Weihnachten

Ein Weihnachtsmärchen

aus: Michail Saltykow-Schtschedrin: Die Tugenden und die Laster. Insel-Verlag 1966.


Eine wunderschöne Predigt hielt unser Dorfpfarrer heute zum Weihnachtsfest.

„Vor vielen hundert Jahren“, sprach er, „kam an diesem gleichen Tage die Wahrheit in die Welt.
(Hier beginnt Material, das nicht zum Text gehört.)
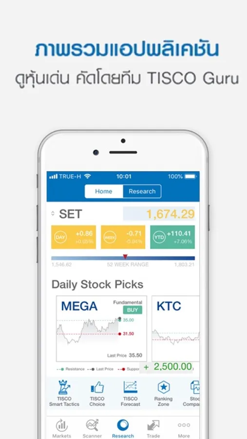 3. Scanner: กลยุทธ์แบบสำเร็จรูปที่เหล่ากูรูของทิสโก้เป็นคนช่วยกันสร้าง และ กลยุทธ์แบบ DIY (Do it yourself) ที่ทำให้นักลงทุนสามารถค้นหาหุ้นด้วยตัวเองและบันทึกเก็บไว้เพื่อใช้หาในครั้งต่อไปได้ Stock Scan Plus

Die Wahrheit ist ewig, sie thronte von allem Anbeginn mit Christus, dem Menschenfreund, zur Rechten des Vaters, wurde Fleisch zugleich mit ihm und entzündete auf der Erde ihre Fackel. Mit Christus stand sie am Kreuz und wurde gekreuzigt; sie saß als hell strahlender Engel vor seiner Gruft und war Zeuge seiner Auferstehung. Und als der Menschenfreund in den Himmel auffuhr, ließ er uns die Wahrheit zurück, als lebendigen Beweis seiner unwandelbaren Huld und Güte.
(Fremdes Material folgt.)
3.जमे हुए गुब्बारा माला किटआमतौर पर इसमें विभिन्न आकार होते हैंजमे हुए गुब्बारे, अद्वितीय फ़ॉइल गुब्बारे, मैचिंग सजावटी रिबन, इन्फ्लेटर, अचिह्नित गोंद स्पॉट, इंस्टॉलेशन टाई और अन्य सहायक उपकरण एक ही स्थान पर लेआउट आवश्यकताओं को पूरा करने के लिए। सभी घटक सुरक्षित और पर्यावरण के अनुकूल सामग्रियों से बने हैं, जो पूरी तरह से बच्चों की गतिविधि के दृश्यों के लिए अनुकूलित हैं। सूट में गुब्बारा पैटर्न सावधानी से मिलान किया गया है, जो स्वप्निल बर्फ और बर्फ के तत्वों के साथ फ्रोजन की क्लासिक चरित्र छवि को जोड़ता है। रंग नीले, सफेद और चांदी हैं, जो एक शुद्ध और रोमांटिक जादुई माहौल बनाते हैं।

Seit der Zeit ist kein Winkel auf Erden, den die Wahrheit nicht durchdrungen, den sie nicht erfüllt hätte. Die Wahrheit zieht unser Gewissen groß, sie wärmt unsere Herzen, stärkt uns in unserem Streben und weist uns das Ziel, auf das unser Leben gerichtet sein muß. Die betrübten Herzen finden in ihr sicheres und stets bereites Obdach, Trost und Ruhe von den Wechselfällen des Lebens.

Es irren jene, die da behaupten, die Wahrheit habe jemals ihr Antlitz verhüllt oder – noch ärger – sei gar von der Lüge besiegt worden. Nein, selbst in jenen kummervollen Augenblicken, wenn es den kurzsichtigen Menschlein schien, als triumphiere der Vater der Lüge, trug in Wirklichkeit die Wahrheit den Sieg davon. Sie allein steht über der Zeit, immer schritt sie voran, breitete ihre Fittiche über die Welt und erleuchtete sie mit ihrem ewigen Lichte. Der vermeintliche Triumph der Lüge zerstob wie ein schwerer Traum, und die Wahrheit setzte ihren Triumphzug fort.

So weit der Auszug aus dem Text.